Your task is to restate word for word the lines in the material below, from the one with "Francuski Konwersacje przeznaczone" up to and including the one with "Deze houten koffer". Do not carry over the pictures.

Records supplied Block Start

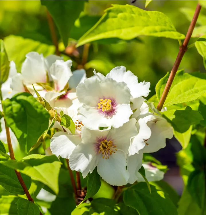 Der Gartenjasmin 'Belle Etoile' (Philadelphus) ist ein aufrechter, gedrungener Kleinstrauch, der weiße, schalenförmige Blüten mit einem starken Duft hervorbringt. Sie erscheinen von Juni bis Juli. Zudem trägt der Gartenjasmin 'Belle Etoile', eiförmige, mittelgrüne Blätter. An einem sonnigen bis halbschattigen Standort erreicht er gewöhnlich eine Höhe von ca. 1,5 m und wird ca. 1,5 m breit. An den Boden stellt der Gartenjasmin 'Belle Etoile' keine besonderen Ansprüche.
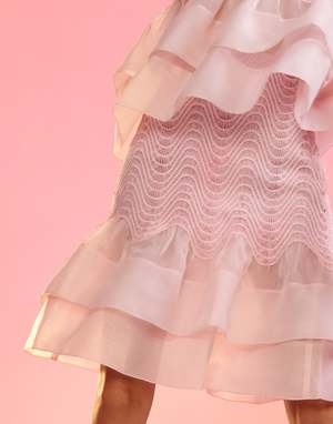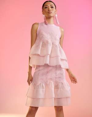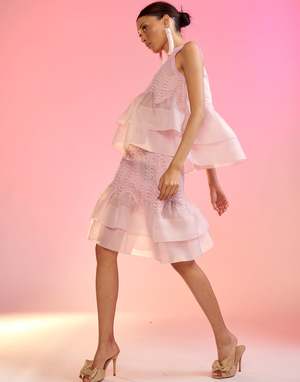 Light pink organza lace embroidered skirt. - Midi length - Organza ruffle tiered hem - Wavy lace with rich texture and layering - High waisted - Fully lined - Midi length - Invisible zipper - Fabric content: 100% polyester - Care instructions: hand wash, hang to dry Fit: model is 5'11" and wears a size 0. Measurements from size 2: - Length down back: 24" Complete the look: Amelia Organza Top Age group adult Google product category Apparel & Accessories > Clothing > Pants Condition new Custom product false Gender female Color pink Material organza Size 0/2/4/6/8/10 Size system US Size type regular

Records supplied Block End
Records supplied Block Start

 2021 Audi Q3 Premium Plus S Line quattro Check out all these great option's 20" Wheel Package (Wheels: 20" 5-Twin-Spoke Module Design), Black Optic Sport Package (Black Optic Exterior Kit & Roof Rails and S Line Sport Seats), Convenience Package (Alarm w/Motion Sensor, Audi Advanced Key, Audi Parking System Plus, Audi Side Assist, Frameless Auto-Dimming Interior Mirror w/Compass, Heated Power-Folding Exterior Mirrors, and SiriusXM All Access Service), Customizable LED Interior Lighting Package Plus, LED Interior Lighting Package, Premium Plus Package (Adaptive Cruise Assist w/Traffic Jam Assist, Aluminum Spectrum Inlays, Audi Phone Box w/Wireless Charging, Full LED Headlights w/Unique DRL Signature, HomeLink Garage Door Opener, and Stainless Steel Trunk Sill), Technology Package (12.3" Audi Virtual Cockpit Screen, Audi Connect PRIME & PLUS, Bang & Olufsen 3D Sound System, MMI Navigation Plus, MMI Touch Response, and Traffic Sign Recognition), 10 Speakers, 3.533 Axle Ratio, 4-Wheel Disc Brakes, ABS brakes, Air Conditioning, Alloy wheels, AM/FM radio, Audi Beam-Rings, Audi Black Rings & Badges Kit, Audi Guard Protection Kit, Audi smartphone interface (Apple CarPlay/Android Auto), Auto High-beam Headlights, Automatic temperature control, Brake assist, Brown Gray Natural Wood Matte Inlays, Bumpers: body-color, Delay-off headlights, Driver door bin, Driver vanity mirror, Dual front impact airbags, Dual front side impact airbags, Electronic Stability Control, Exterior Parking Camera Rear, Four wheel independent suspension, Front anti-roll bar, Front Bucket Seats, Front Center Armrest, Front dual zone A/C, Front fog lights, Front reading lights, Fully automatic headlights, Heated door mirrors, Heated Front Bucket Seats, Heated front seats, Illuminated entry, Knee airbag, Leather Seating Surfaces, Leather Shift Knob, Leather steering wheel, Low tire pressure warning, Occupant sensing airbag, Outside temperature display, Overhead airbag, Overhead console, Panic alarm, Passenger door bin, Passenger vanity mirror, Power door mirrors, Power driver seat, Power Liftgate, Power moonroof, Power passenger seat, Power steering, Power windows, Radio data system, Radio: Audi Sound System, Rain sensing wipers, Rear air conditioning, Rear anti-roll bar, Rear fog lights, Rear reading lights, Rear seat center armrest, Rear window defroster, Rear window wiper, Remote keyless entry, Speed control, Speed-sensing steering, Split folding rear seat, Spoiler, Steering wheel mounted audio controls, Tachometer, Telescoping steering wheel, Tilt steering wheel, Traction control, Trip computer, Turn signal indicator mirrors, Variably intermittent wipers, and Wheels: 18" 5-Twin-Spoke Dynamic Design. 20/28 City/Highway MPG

Records supplied Block End
Records supplied Block Start

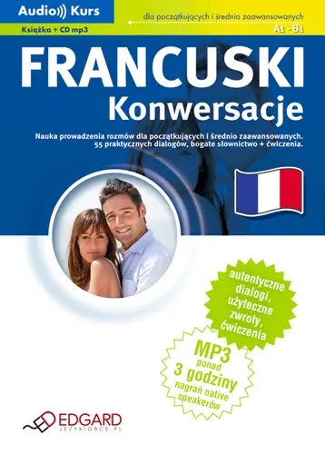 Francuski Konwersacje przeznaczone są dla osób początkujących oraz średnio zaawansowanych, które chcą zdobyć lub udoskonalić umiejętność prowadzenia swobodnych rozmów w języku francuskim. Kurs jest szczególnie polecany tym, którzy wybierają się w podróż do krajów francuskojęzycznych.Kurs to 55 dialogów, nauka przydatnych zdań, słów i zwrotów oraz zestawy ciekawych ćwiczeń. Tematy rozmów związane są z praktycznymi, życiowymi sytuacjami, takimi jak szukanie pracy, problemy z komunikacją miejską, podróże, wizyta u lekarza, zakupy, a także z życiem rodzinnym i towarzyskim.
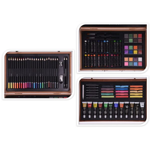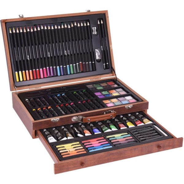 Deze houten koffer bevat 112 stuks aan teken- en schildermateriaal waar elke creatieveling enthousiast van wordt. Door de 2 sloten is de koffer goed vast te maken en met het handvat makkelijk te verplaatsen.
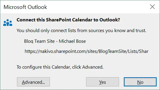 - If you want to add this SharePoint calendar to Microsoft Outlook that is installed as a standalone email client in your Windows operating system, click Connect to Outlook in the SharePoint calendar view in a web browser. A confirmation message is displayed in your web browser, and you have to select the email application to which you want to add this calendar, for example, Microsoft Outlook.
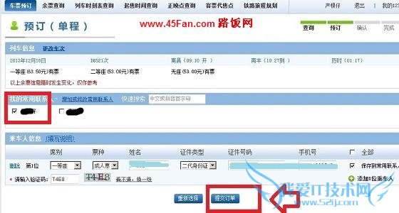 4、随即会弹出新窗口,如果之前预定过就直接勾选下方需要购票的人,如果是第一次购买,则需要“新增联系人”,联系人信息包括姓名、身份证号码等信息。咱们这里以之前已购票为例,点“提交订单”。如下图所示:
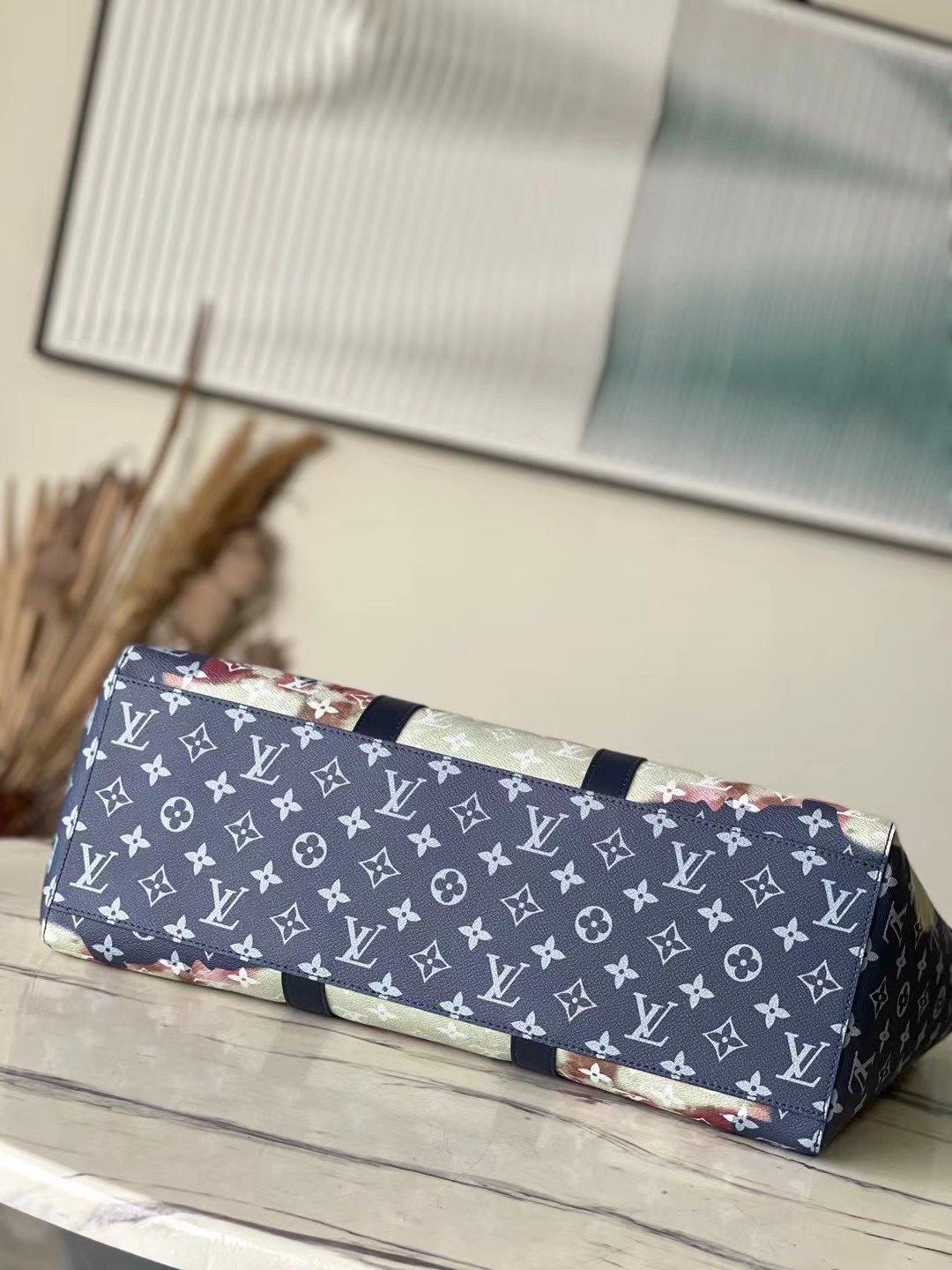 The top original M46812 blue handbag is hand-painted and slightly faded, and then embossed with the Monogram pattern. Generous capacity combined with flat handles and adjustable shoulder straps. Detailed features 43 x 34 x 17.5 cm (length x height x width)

Records supplied Block End

* [Solution to this task]:
 Francuski Konwersacje przeznaczone są dla osób początkujących oraz średnio zaawansowanych, które chcą zdobyć lub udoskonalić umiejętność prowadzenia swobodnych rozmów w języku francuskim. Kurs jest szczególnie polecany tym, którzy wybierają się w podróż do krajów francuskojęzycznych.Kurs to 55 dialogów, nauka przydatnych zdań, słów i zwrotów oraz zestawy ciekawych ćwiczeń. Tematy rozmów związane są z praktycznymi, życiowymi sytuacjami, takimi jak szukanie pracy, problemy z komunikacją miejską, podróże, wizyta u lekarza, zakupy, a także z życiem rodzinnym i towarzyskim.
 Deze houten koffer bevat 112 stuks aan teken- en schildermateriaal waar elke creatieveling enthousiast van wordt. Door de 2 sloten is de koffer goed vast te maken en met het handvat makkelijk te verplaatsen.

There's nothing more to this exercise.